Saved data entries
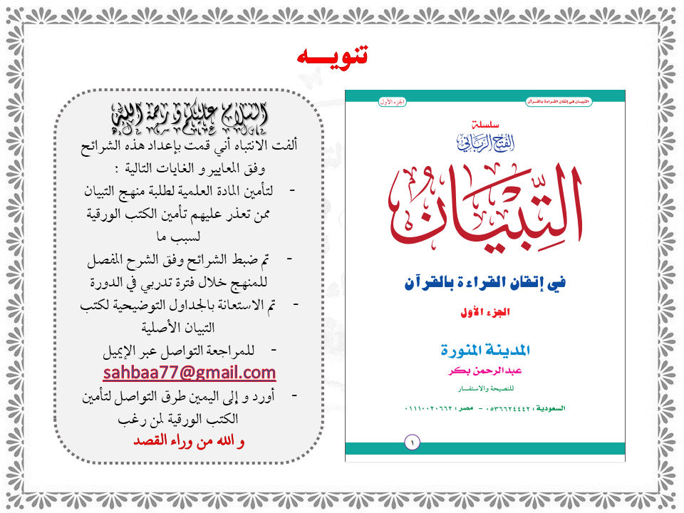 دورة التبيان في في إتقان القراءة وتجويد القرآن الكريم مركز المشير للاستشارات التعليمية والتربوية
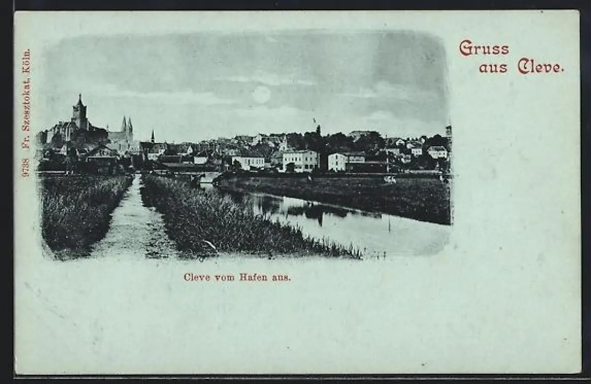 Mondschein-AK Cleve, Blick vom Hafen auf Stadt und Kirche
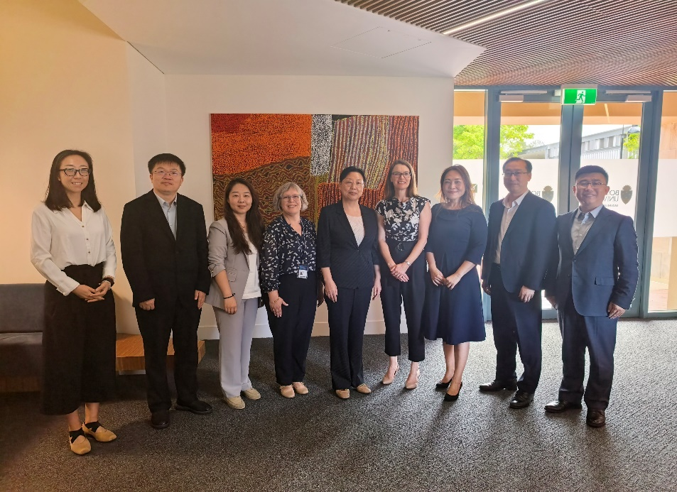 在邦德大学,代表团会见了副校长谢丽尔・乔立夫(Cheryl Jolliffe)教授、招生部主任芭芭拉·安妮・朗(Barbara-Anne Long)女士、国际部主任王思雨(Siyu Wang)女士等,双方就SQA项目外方高校拓展、学生短期访学项目、双学位项目合作等事宜达成多项共识。
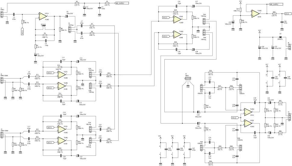 Po unormowaniu impedancji wyjściowej każdego ze źródeł sygnału i/lub jego wzmocnieniu przez przedwzmacniacz mikrofonowy, sygnały są dzielone przez potencjometry i trafiają do sumatora sygnałów. Aby nie przenikały one między sobą wzajemnie, użyto sumatora w postaci wzmacniacza odwracającego, ponieważ w punktach podłączonych do wejść odwracających układów US4A i US4B potencjały powinny się (teoretycznie) trzymać stałej wartości, niezależnie od przyłożonego sygnału, ponieważ wynika to z warunku pracy wzmacniacza operacyjnego objętego ujemnym sprzężeniem zwrotnym. Zatem wszystkie te trzy sygnały będą spływały do punktów, które one będą traktowały jako wirtualną masę o niezmiennym potencjale. Ma to jeszcze sens pod tym względem, że bufory wejściowe na wcześniejszym etapie torów przetwarzania sygnału mają charakter odwracający i tutaj również mamy wzmacniacz o charakterze odwracającym – faza sygnału między wejściem a wyjściem pozostanie zatem bez zmian.
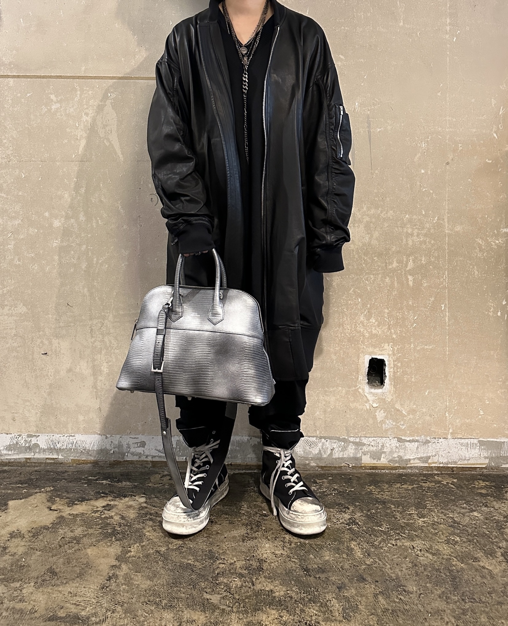 MUL079 ROUND TOTE M Black sliver coating レザーショルダー
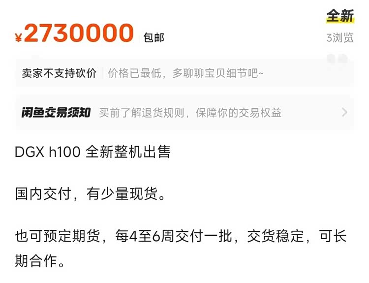补充一个背景知识,其实现在 DGX H100 国内都可以买到,大家作为个人都能买,只是需要经过代理,而不是直接一个电话打给老黄。闲鱼渠道显示,一台 DGX H100 的报价在 250 万元以上。
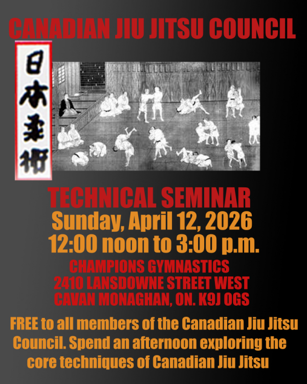 The Canadian Jiu Jitsu Council is offering a technical seminar under the tutelage of its Directors. The date of the seminar is Sunday, October 5, 2025 from 12:00 noon until 3:00 PM.
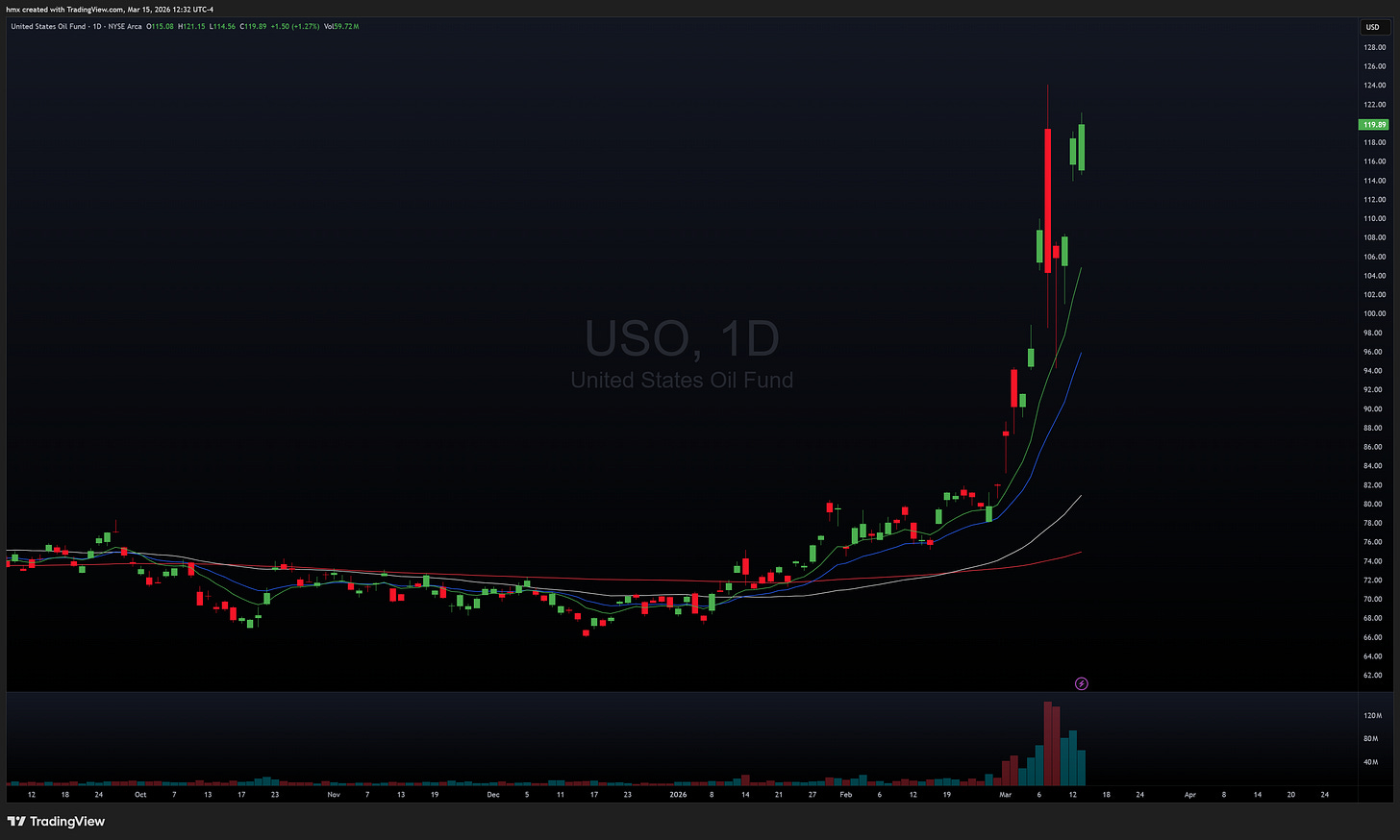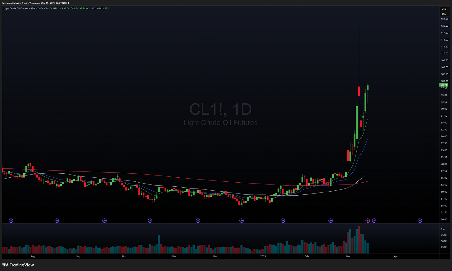Oil dominated everything this week (again). Monday opened with a massive gap up in crude after Iran/oil escalation fears sent energy ripping and everything else scrambling, then reversed hard into the close after Trump announced the conflict was “over,” giving $SPY a bullish engulfing candle that felt like a gift.
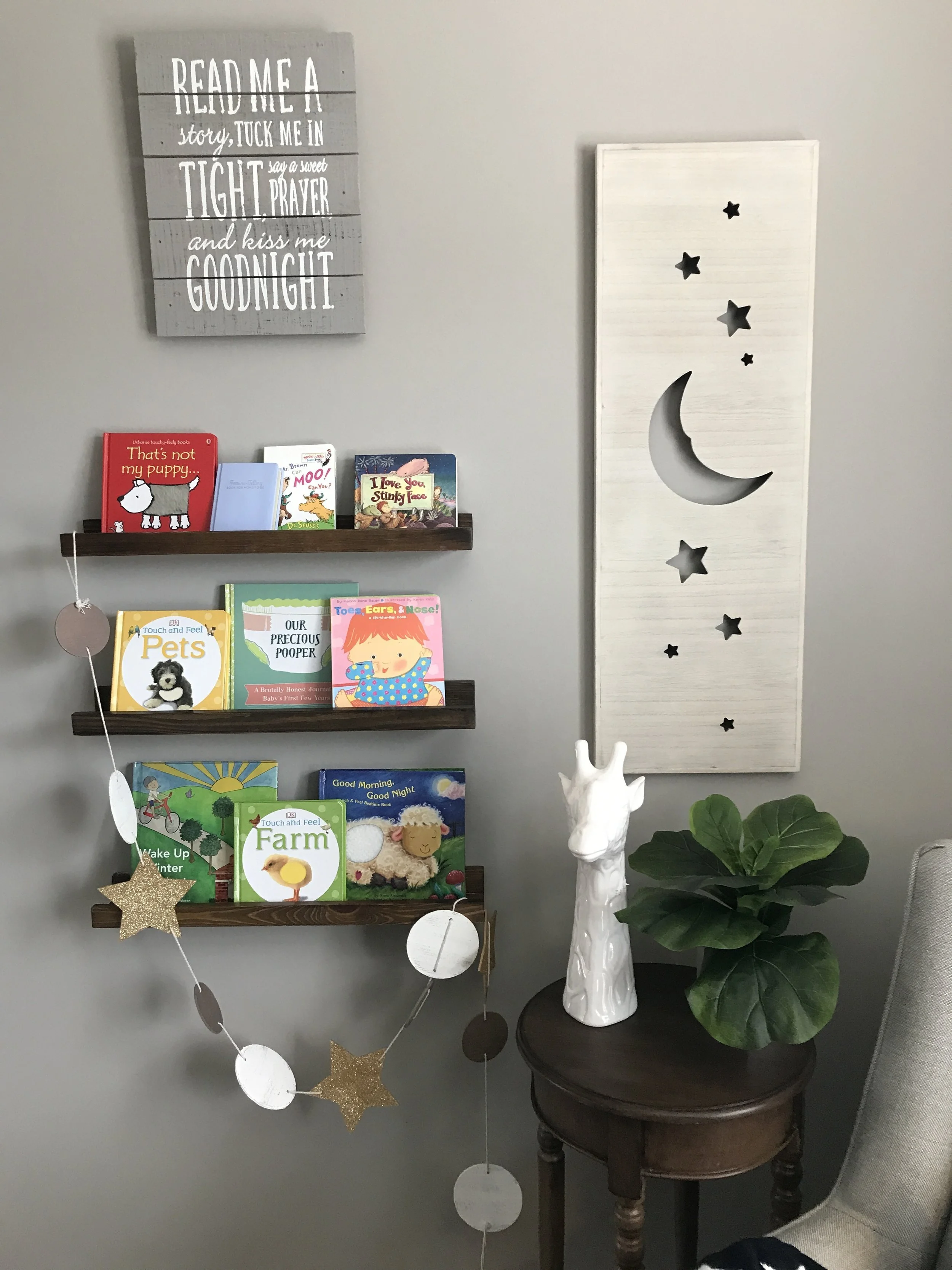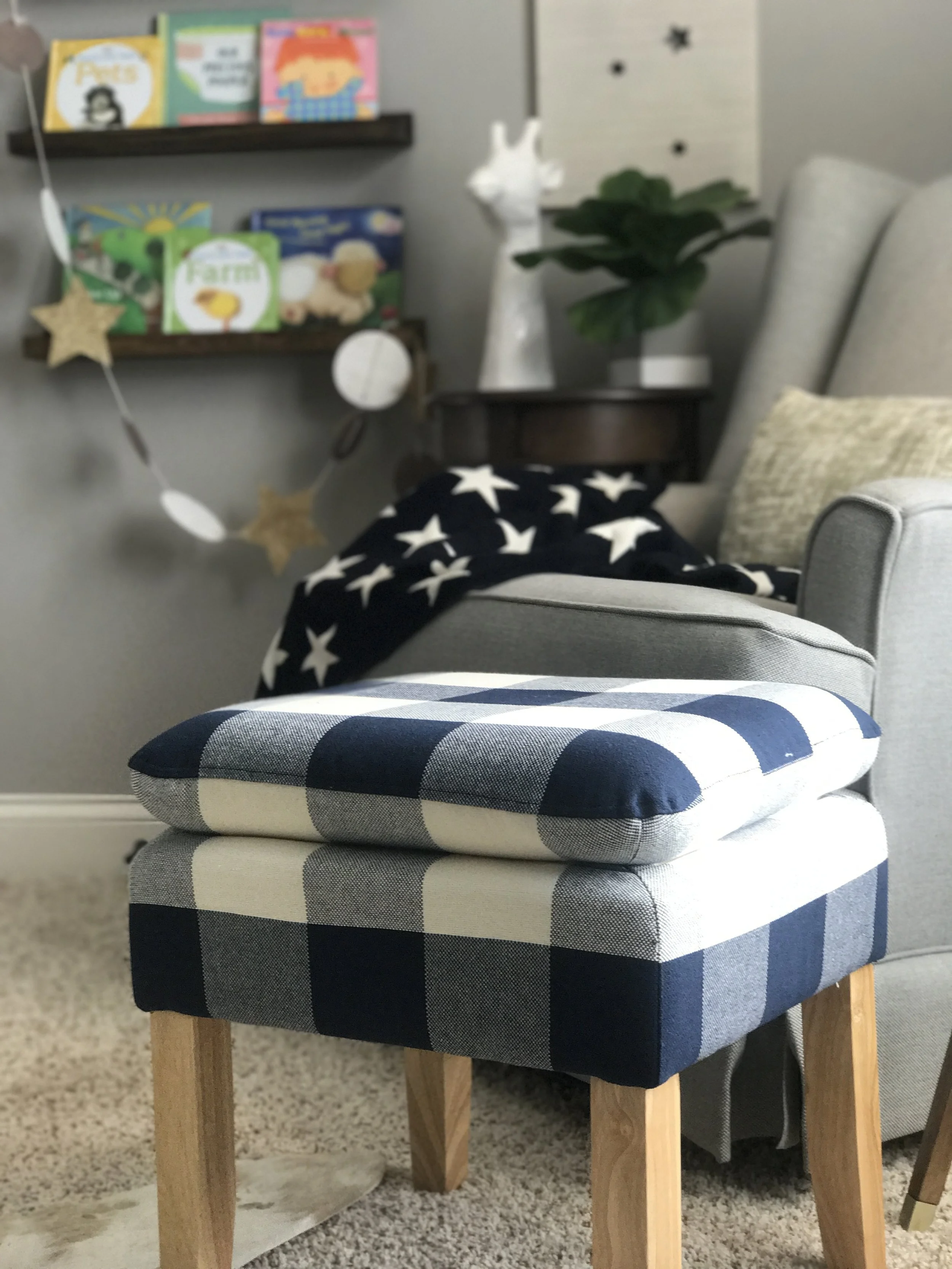 We also created a little reading nook with some book ledges, rocking chair, and floor lamp. I found a perfect side table from Homegoods along with the cute giraffe statue, faux fiddle leaf fig, and knit stars blanket. The book ledges are actually picture ledges from Target but they also work perfectly for leaning books too! I found a cute quote sign from Hobby Lobby for above the books and the moon and stars wood cut-out sign at Homegoods which filled the rest of the space perfectly. One of my favorite little details over here is the plaid ottoman which adds the perfect pop of pattern in this corner.

* _WHAT YOU ARE ASKED TO DO_:
Print an exact copy of the lines above, from the one containing "补充一个背景知识,其实现在 DGX H100" through the one containing "Oil dominated everything", and leave out the pictures.

* _RESULT OF THE EXERCISE_:
补充一个背景知识,其实现在 DGX H100 国内都可以买到,大家作为个人都能买,只是需要经过代理,而不是直接一个电话打给老黄。闲鱼渠道显示,一台 DGX H100 的报价在 250 万元以上。
 The Canadian Jiu Jitsu Council is offering a technical seminar under the tutelage of its Directors. The date of the seminar is Sunday, October 5, 2025 from 12:00 noon until 3:00 PM.
Oil dominated everything this week (again). Monday opened with a massive gap up in crude after Iran/oil escalation fears sent energy ripping and everything else scrambling, then reversed hard into the close after Trump announced the conflict was “over,” giving $SPY a bullish engulfing candle that felt like a gift.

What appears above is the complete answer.